Cheguei ao minimarket. Após escolher baguetes e brioches fresquinhos como a adorável manhã, algumas frutinhas do bosque, queijos e outras coisinhas oportunamente incomuns, dirigi-me à fila do caixa. Uma moça serena e simpática, ágil como ali são, atendeu-me, e, ao passar as compras, perguntou-me gentilmente se eu sabia que o tablete escolhido não era manteiga, e sim fermento. Surpreso, desculpei-me constrangido, mas deixando escapar um sutil desejo de ir trocar. Ao perceber, ela interrompeu imediatamente o serviço, pediu licença aos que estavam na fila, saiu do caixa e me fez sinal para segui-la. Todos se mantiveram respeitosamente discretos diante da iminente pausa.
Lá na prateleira, ela me apontou opções de manteiga e juntos voltamos. Eu inteiramente surpreso com a sua atitude. Depois de pagar, despedi-me com um grato sorriso, reiterando-lhe a gentileza.
De volta à calçada que margeia o Arno, já bem amanhecido, a refletir as fachadas que ladeiam a Ponte Vecchio, eu respirava novamente os ares florentinos. Distante umas três ou quatro quadras do minimercado, eis que escuto alguém gritando, e uma senhora mais próxima faz sinal apontando que era para mim.
Não acreditei! A moça corria ao meu encontro com um pacote de iogurtes esquecido no caixa. Diante dela, exibi uma mistura de perplexidade e embaraçosa timidez por tamanha e espantosa delicadeza. Estávamos mesmo em uma metrópole?
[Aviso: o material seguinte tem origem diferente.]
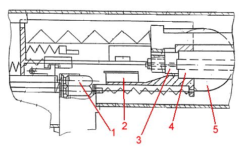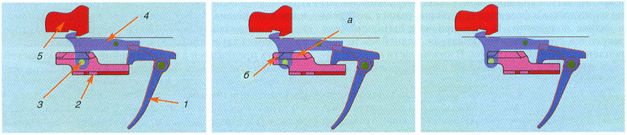 ![]() 1-扳机;2-单发杠杆;3-扳机连杆 |
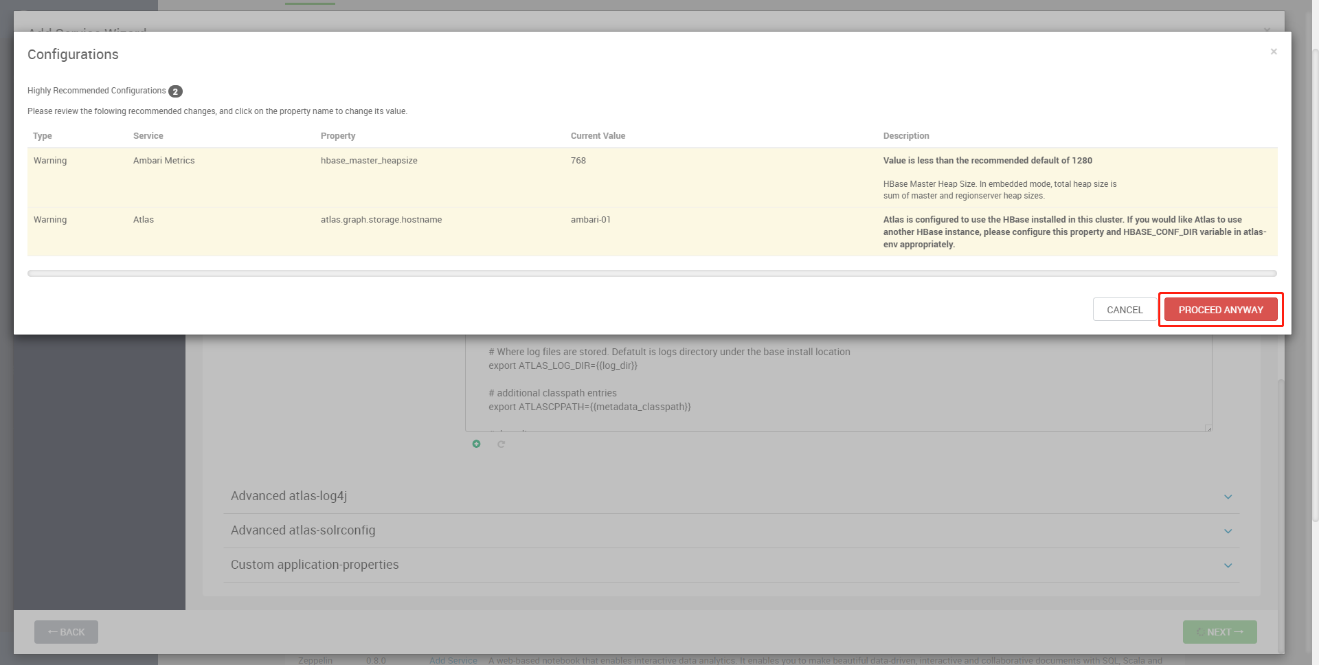 这里是HBase主堆大小没达到最小设置值,可以不用改,Proceed Anyway仍要继续
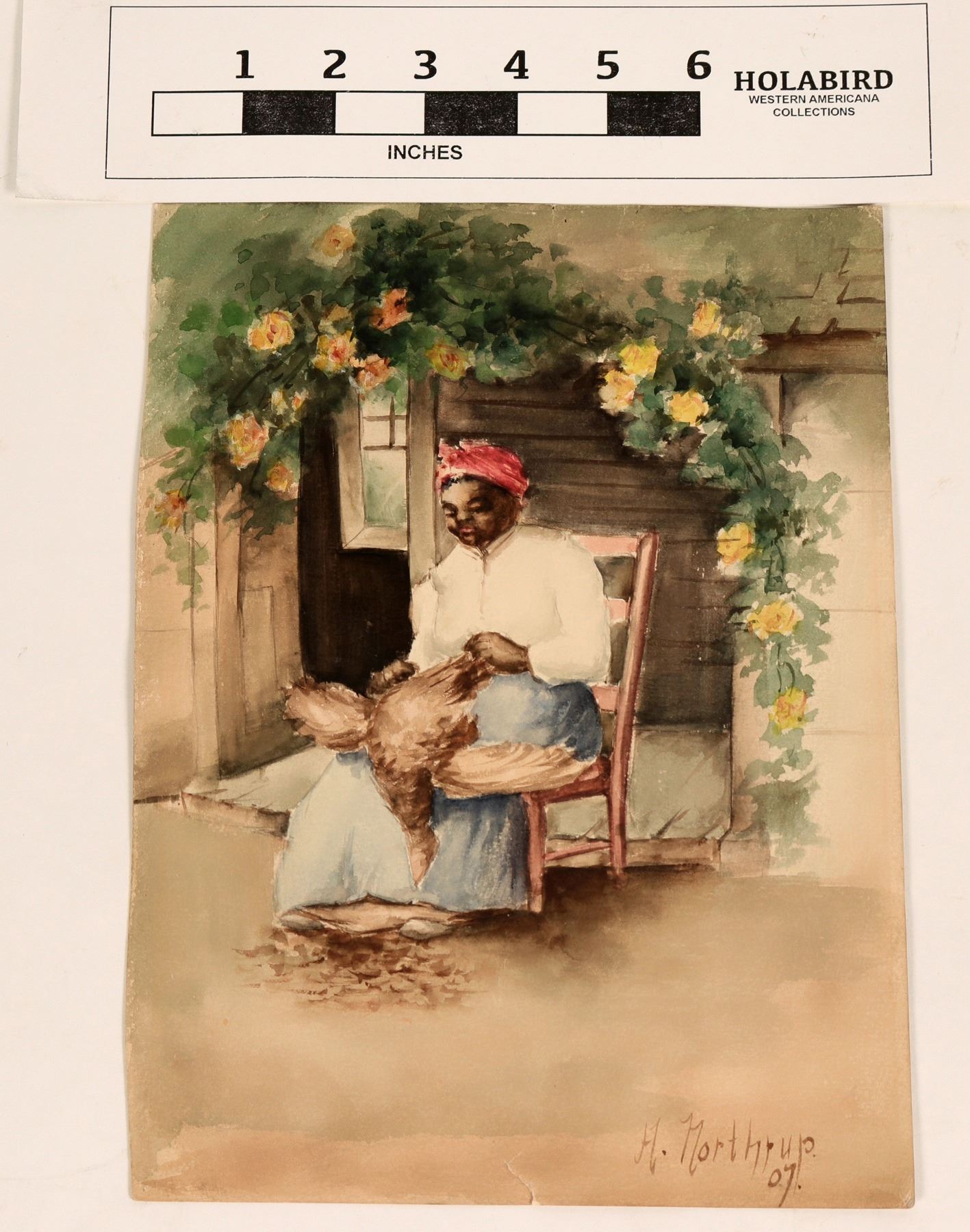 Watercolor painting of an African-American woman plucking a chicken in front of a farmhouse entrance with climbing yellow flowers. Signature is A. Northrup '07. Anne Northrup is a grandmother of Fred Northrup Holabird, and the piece is thought to have been painted in Missouri before that generation moved west to California. There is a half-inch tear in the middle of the bottom edge, and tape marks on the back suggest it had been mounted in a frame at some time. Dimensions are 8 x 10-3/4 inches.
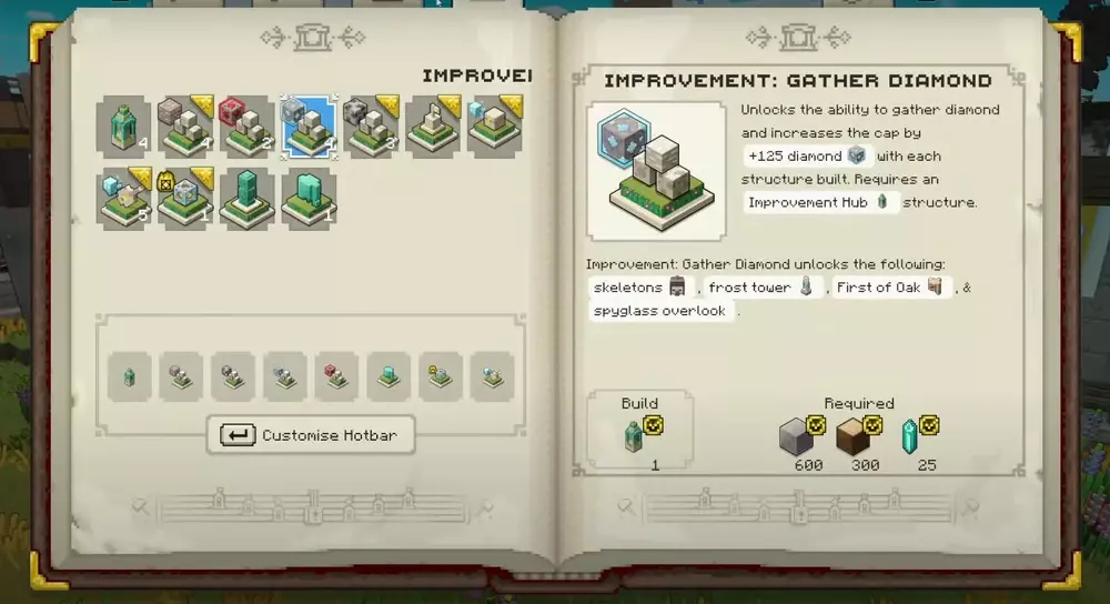 In Minecraft Legends, players can unlock various improvements that can aid in their gameplay. One such improvement is the Gather Diamond structure. This improvement allows players to gather more diamond resources and increases the cap limit.

Cheguei a pensar que sonhava, tão visionários eram aqueles horizontes esteticamente urbanos e humanos.
Recebi os iogurtes com imensa e reconfortante gratidão, sentimento inesquecível que me acompanhou pelo resto da manhã.
De volta às ruas, após o café, comentei com meus familiares que desejava voltar àquele mercado para agradecer novamente a atenção daquela moça, desta vez com uma flor, ao lado de um sorriso.
Todos concordaram e foi o que fizemos. Passamos numa floricultura, compramos uma bela e túrgida rosa vermelha, e fomos encontrá-la. Pela hora, certamente ainda estaria em seu turno.
Pedindo escusada licença às pessoas da fila, eis-me diante dela com riso e flor. A suave surpresa que emanou de seu rosto, idem ridente, era mais bonita do que a rosa.
Numa cortês reverência, desabrochei-lhe a frase: “O mundo precisa de mais pessoas como você”. O restante ficou na rosa em sua mão. Inesquecível como a moça e o seu admirado sorriso.
A bem da verdade, o admirado ali era eu. Afinal, era Florença.